[Start of section]

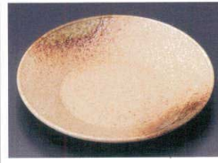
テ163-32-2 伊賀織部 石目5.0丸皿 (φ15.2×2.1cm) ¥660 2211163032
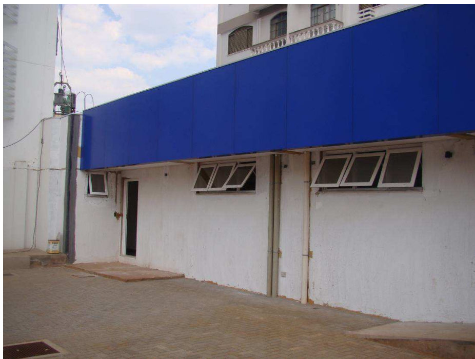
Detalhe da instalação do alumínio composto instalado
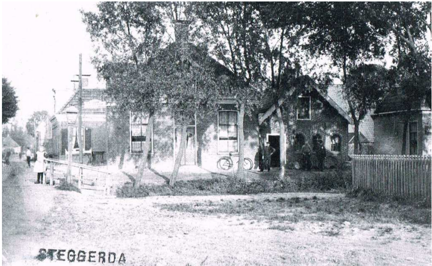
Steggerda: “In het dorpscentrum is het water en de oude klapbrug al in 1927 verdwenen”. (In 1909 bestonden ze nog wel).
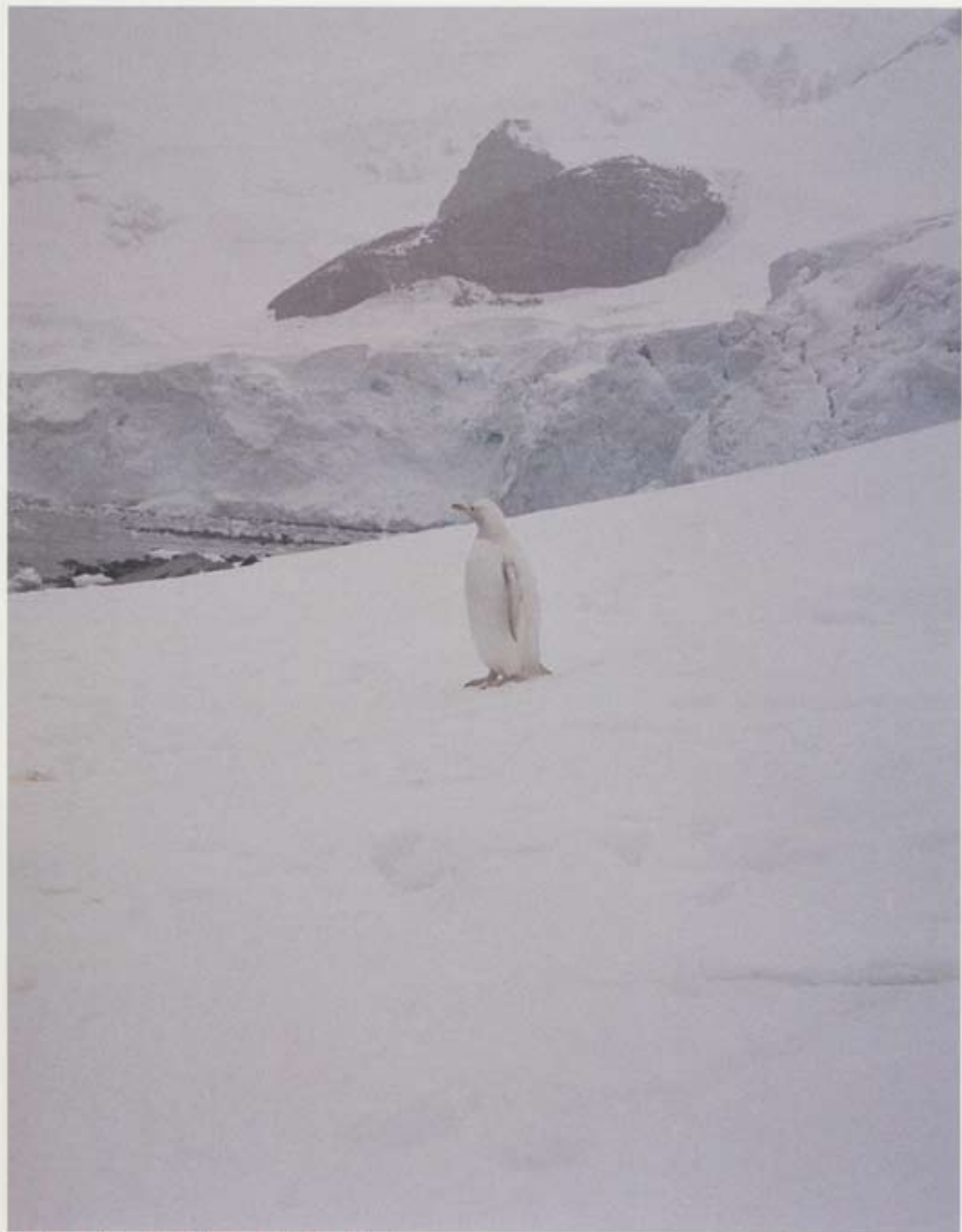
Ferð sem ekki var farin, A Journey That Wasn't, 2006
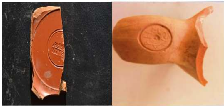
(صورة رقم ١٦) صورة توضح مقبض مختوم وجزء من إناء عليه نقوش من موقع الحفائر
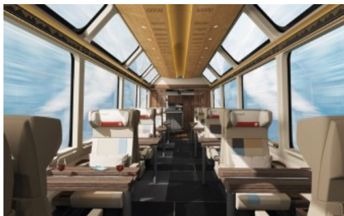
Die neuen Sitze

Das Konsortium der Rhätischen Bahn und der Matterhorn Gotthard Bahn hat BORCAD im Jahre 2017 als Lieferant von Schlüsselkomponenten für seine Luxusklasse des Glacier Express ausgewählt. Der Sitz ist dank seiner farbigen Polsterung (Design by NOSE), der Lage der Seitenkonsole mit Bedienelementen, 220 V-Steckdosen (nach schweizer und deutscher Norm) als auch USB-Ports außergewöhnlich. Der elektrisch verstellbare Sitz bietet den Fahrgästen den bestmöglichen Komfort während der Fahrt durch die wunderschöne schweizer Landschaft. Seine Ergonomie basiert auf dem unübertroffenen Konzept des COMFORT Sitzes, für das BORCAD den Red Dot Design Award verliehen bekam. Der neue Sitz wird auf dem Stand von BORCAD in Modellumgebung mit einem Originaltisch und weiteren Interieurelementen präsentiert.
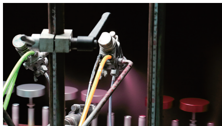
トップコート工程
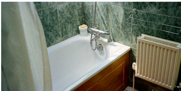
5. © Ida Pimenoff
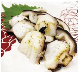
タコのたたき炭火焼き風 (680円)
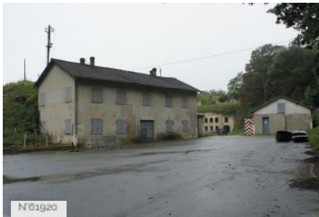
N°01920 Fort de Cormeilles - Extérieurs
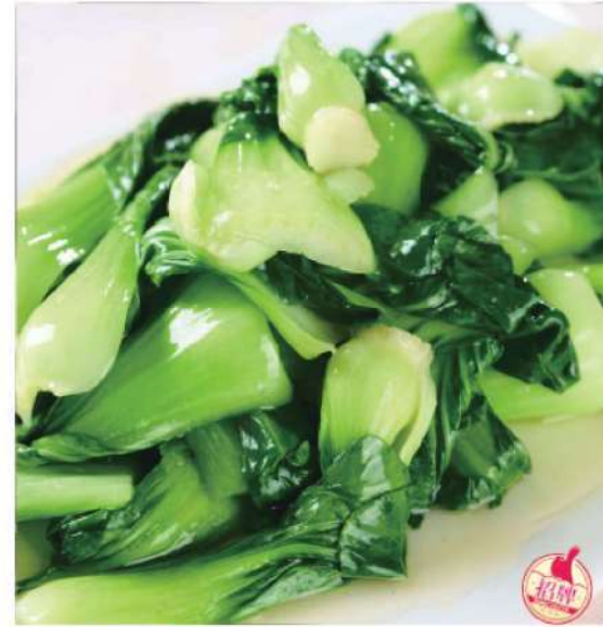
623A 清炒上海青 RM 22 /份 Stirfried Shanghai Green Vege

特色 TESETUIJIAN TASTE THE DIFFERENCE TESETUIJIAN TASTE THE DIFFERENCE
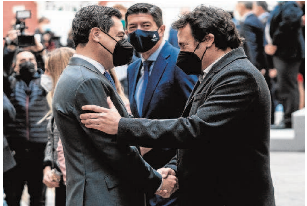
Moreno saluda al alcalde, José María González 'Kichi', en presencia de Juan Marín en las escalinatas del Oratorio

«Se apoyará la instalación de una planta de reciclaje de plásticos con inversión de 45 millones de euros»

[End of section]

Instructions to follow | All of the listing should be transcribed exactly, but none of its images.

Answer to this exercise |
テ163-32-2 伊賀織部 石目5.0丸皿 (φ15.2×2.1cm) ¥660 2211163032
Detalhe da instalação do alumínio composto instalado
Steggerda: “In het dorpscentrum is het water en de oude klapbrug al in 1927 verdwenen”. (In 1909 bestonden ze nog wel).
Ferð sem ekki var farin, A Journey That Wasn't, 2006
(صورة رقم ١٦) صورة توضح مقبض مختوم وجزء من إناء عليه نقوش من موقع الحفائر
Die neuen Sitze

Das Konsortium der Rhätischen Bahn und der Matterhorn Gotthard Bahn hat BORCAD im Jahre 2017 als Lieferant von Schlüsselkomponenten für seine Luxusklasse des Glacier Express ausgewählt. Der Sitz ist dank seiner farbigen Polsterung (Design by NOSE), der Lage der Seitenkonsole mit Bedienelementen, 220 V-Steckdosen (nach schweizer und deutscher Norm) als auch USB-Ports außergewöhnlich. Der elektrisch verstellbare Sitz bietet den Fahrgästen den bestmöglichen Komfort während der Fahrt durch die wunderschöne schweizer Landschaft. Seine Ergonomie basiert auf dem unübertroffenen Konzept des COMFORT Sitzes, für das BORCAD den Red Dot Design Award verliehen bekam. Der neue Sitz wird auf dem Stand von BORCAD in Modellumgebung mit einem Originaltisch und weiteren Interieurelementen präsentiert.
トップコート工程
5. © Ida Pimenoff
タコのたたき炭火焼き風 (680円)
N°01920 Fort de Cormeilles - Extérieurs
623A 清炒上海青 RM 22 /份 Stirfried Shanghai Green Vege

特色 TESETUIJIAN TASTE THE DIFFERENCE TESETUIJIAN TASTE THE DIFFERENCE
Moreno saluda al alcalde, José María González 'Kichi', en presencia de Juan Marín en las escalinatas del Oratorio

«Se apoyará la instalación de una planta de reciclaje de plásticos con inversión de 45 millones de euros»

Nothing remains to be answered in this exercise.